» Source information

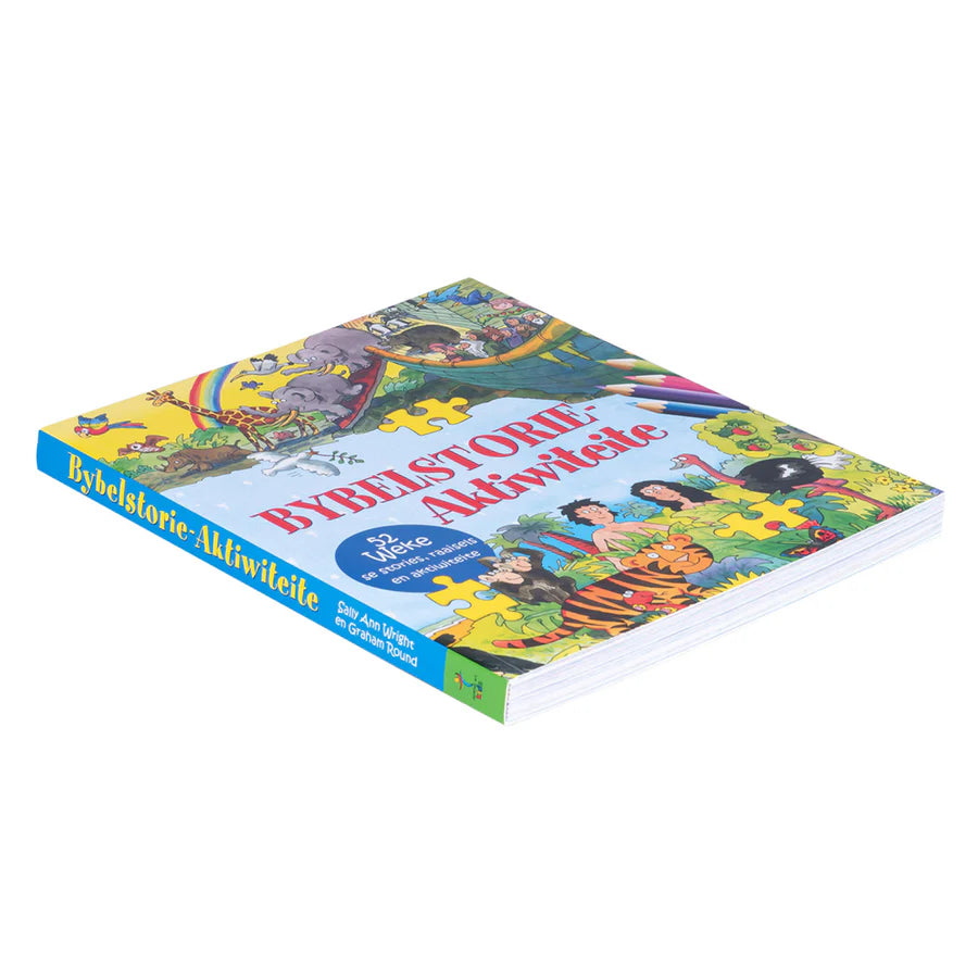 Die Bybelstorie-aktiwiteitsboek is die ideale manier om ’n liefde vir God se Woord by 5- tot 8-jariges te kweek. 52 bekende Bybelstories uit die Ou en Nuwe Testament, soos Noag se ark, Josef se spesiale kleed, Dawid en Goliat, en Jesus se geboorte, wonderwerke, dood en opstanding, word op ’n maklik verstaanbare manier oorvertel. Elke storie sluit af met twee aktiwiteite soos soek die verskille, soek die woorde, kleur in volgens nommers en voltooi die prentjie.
---
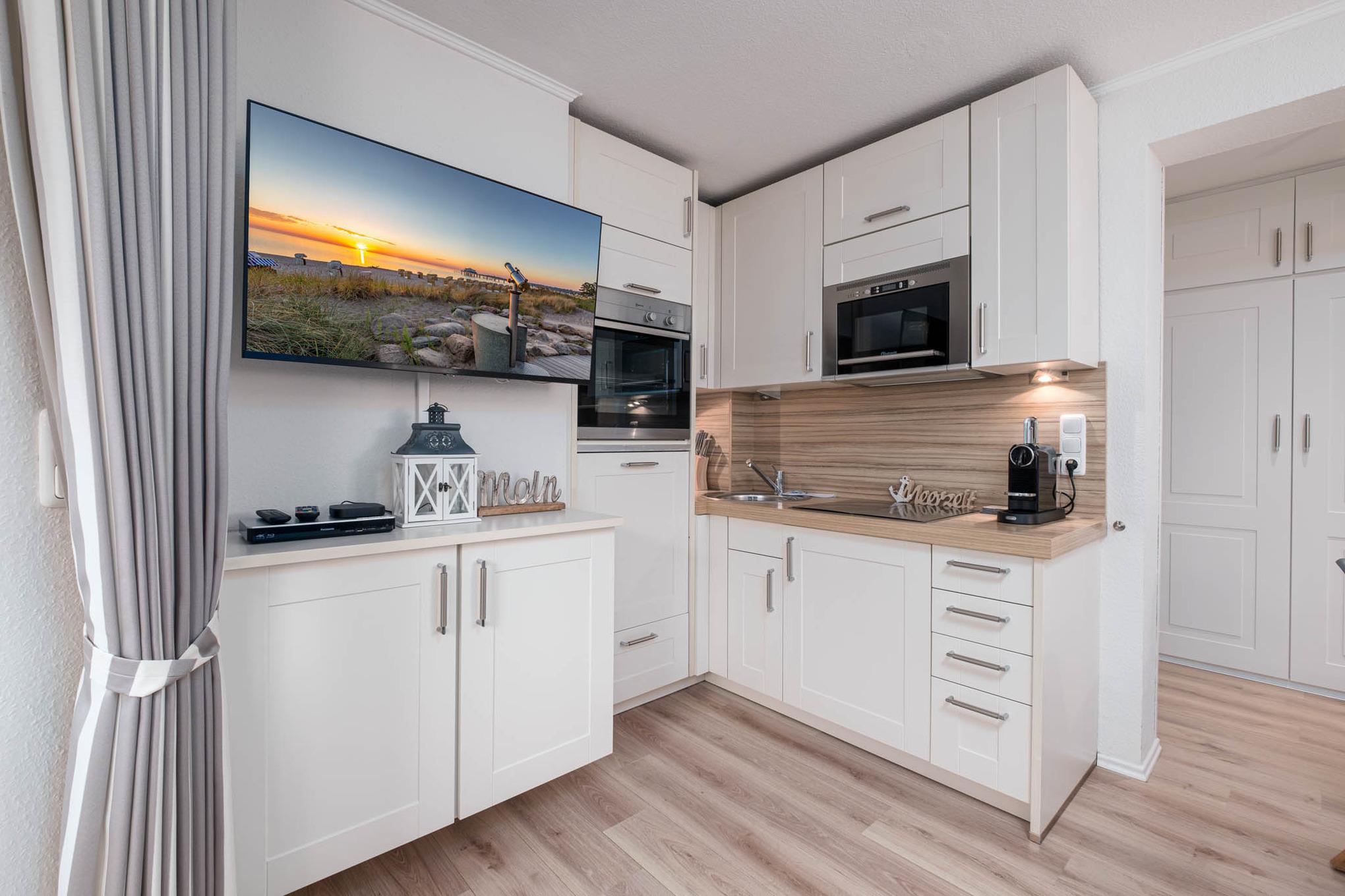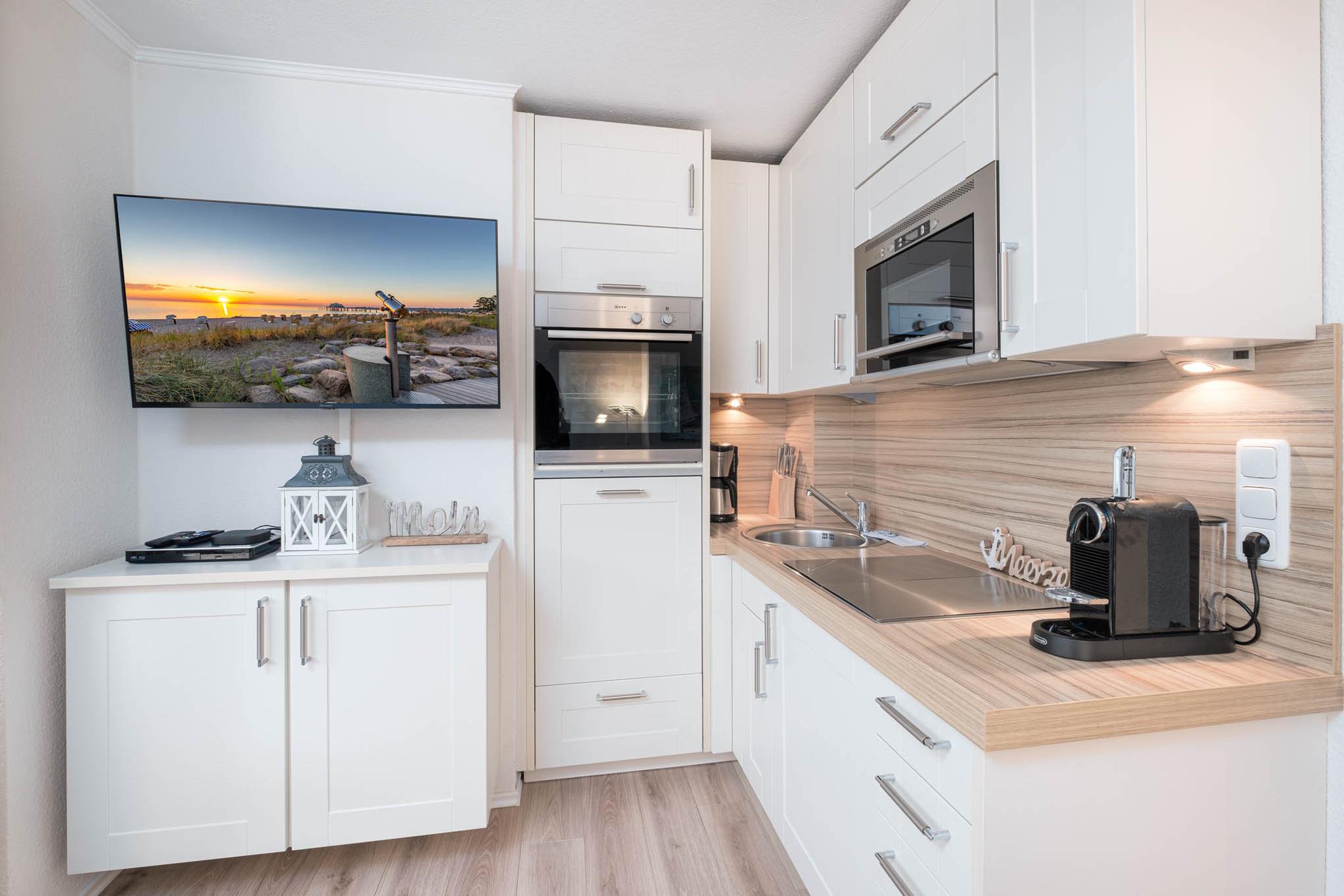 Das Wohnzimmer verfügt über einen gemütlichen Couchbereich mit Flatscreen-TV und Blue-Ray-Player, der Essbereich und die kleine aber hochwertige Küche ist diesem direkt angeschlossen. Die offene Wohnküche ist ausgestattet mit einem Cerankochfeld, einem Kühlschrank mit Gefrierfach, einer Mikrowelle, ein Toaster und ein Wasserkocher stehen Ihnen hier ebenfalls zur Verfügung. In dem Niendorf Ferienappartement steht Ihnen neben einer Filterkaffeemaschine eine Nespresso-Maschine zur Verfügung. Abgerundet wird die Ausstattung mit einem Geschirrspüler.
...
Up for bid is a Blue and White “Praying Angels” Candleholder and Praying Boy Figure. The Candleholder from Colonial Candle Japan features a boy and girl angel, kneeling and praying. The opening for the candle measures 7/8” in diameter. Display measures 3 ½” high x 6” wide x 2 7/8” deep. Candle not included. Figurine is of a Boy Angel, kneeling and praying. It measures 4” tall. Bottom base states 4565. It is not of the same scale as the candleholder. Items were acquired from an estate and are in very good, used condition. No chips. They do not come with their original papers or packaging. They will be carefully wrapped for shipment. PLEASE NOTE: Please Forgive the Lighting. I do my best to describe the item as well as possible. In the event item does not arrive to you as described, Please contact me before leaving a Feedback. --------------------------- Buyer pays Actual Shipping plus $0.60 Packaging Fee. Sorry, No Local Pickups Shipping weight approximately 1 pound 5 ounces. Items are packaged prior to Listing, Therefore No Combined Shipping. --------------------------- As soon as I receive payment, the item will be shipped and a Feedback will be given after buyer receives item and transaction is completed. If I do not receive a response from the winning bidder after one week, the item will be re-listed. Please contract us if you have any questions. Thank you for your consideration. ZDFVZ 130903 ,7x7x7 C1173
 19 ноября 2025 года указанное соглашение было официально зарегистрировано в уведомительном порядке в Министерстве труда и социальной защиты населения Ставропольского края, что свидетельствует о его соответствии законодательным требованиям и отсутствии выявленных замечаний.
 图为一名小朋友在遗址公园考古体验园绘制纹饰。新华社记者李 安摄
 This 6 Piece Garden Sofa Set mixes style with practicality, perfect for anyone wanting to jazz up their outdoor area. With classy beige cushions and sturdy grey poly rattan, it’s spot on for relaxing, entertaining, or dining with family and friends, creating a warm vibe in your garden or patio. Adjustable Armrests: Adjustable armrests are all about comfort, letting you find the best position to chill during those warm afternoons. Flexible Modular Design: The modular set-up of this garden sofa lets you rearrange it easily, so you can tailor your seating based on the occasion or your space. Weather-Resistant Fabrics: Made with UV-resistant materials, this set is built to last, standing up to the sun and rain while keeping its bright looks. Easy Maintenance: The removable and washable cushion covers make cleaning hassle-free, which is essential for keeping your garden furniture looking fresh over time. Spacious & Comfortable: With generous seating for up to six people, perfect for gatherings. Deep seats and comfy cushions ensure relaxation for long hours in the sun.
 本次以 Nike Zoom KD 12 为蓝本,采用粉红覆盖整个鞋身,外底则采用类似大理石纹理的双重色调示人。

» What to produce
Beginning at the line above that contains "This 6 Piece", return each line exactly through the line that contains "本次以 Nike Zoom", and no others.

» Result of this task
 This 6 Piece Garden Sofa Set mixes style with practicality, perfect for anyone wanting to jazz up their outdoor area. With classy beige cushions and sturdy grey poly rattan, it’s spot on for relaxing, entertaining, or dining with family and friends, creating a warm vibe in your garden or patio. Adjustable Armrests: Adjustable armrests are all about comfort, letting you find the best position to chill during those warm afternoons. Flexible Modular Design: The modular set-up of this garden sofa lets you rearrange it easily, so you can tailor your seating based on the occasion or your space. Weather-Resistant Fabrics: Made with UV-resistant materials, this set is built to last, standing up to the sun and rain while keeping its bright looks. Easy Maintenance: The removable and washable cushion covers make cleaning hassle-free, which is essential for keeping your garden furniture looking fresh over time. Spacious & Comfortable: With generous seating for up to six people, perfect for gatherings. Deep seats and comfy cushions ensure relaxation for long hours in the sun.
 本次以 Nike Zoom KD 12 为蓝本,采用粉红覆盖整个鞋身,外底则采用类似大理石纹理的双重色调示人。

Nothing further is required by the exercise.